Work instructions:
Return the run of lines below that opens with the line containing "Take Ala Moana" and closes with the line containing "主題園區的故事設定于偏遠淘金", keeping each one exact.

Given information:
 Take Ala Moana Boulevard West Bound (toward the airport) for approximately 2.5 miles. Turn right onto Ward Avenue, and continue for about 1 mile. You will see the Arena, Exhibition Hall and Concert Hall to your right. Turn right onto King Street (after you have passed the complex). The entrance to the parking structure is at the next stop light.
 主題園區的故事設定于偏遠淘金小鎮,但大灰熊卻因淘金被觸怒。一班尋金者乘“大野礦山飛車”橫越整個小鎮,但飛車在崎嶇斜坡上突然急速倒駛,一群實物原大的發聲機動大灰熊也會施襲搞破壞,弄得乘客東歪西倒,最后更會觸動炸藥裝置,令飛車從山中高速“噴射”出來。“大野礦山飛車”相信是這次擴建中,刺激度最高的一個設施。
---
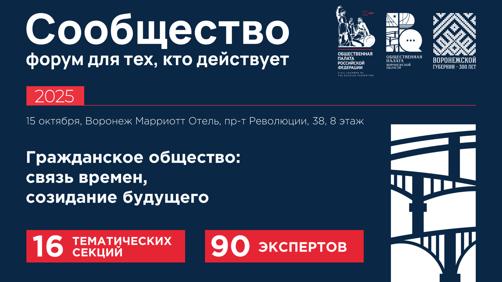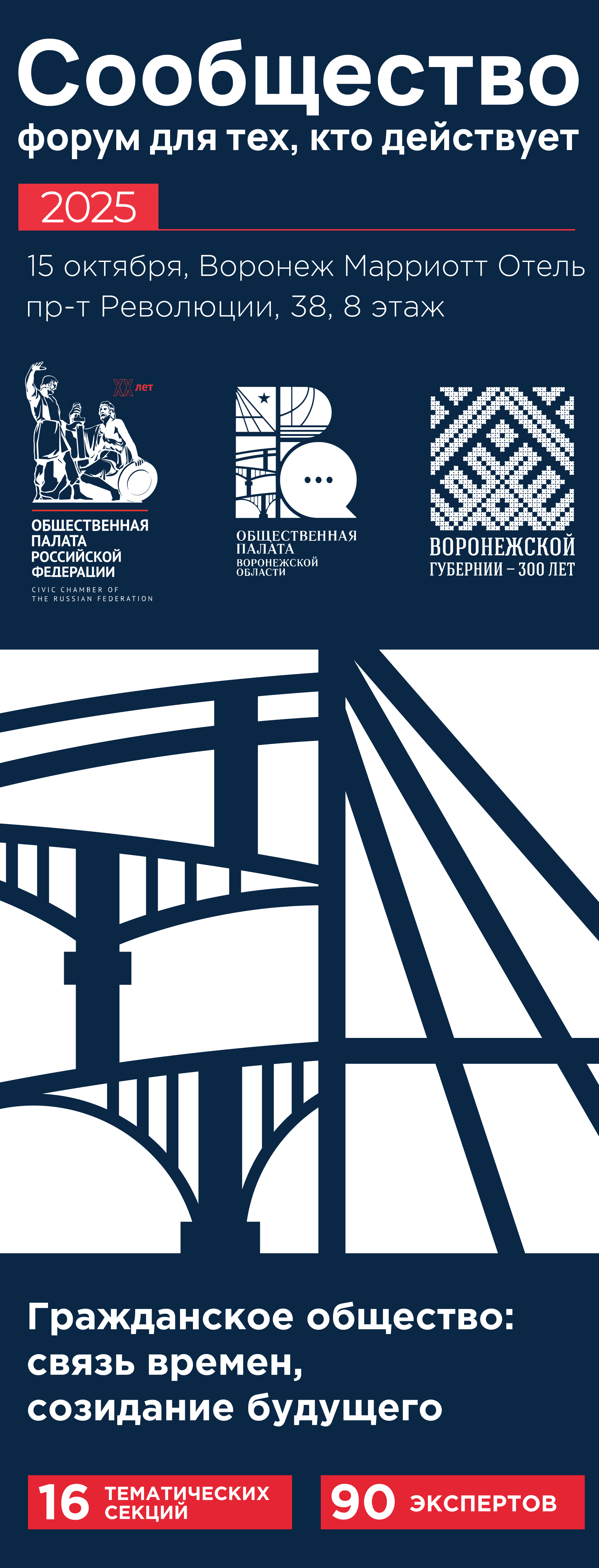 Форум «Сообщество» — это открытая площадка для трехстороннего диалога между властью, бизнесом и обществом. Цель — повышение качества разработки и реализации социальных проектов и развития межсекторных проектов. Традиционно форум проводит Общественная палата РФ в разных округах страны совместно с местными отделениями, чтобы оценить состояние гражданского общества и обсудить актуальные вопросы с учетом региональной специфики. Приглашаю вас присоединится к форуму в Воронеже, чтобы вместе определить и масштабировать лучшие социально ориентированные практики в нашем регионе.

Written answer:
 Take Ala Moana Boulevard West Bound (toward the airport) for approximately 2.5 miles. Turn right onto Ward Avenue, and continue for about 1 mile. You will see the Arena, Exhibition Hall and Concert Hall to your right. Turn right onto King Street (after you have passed the complex). The entrance to the parking structure is at the next stop light.
 主題園區的故事設定于偏遠淘金小鎮,但大灰熊卻因淘金被觸怒。一班尋金者乘“大野礦山飛車”橫越整個小鎮,但飛車在崎嶇斜坡上突然急速倒駛,一群實物原大的發聲機動大灰熊也會施襲搞破壞,弄得乘客東歪西倒,最后更會觸動炸藥裝置,令飛車從山中高速“噴射”出來。“大野礦山飛車”相信是這次擴建中,刺激度最高的一個設施。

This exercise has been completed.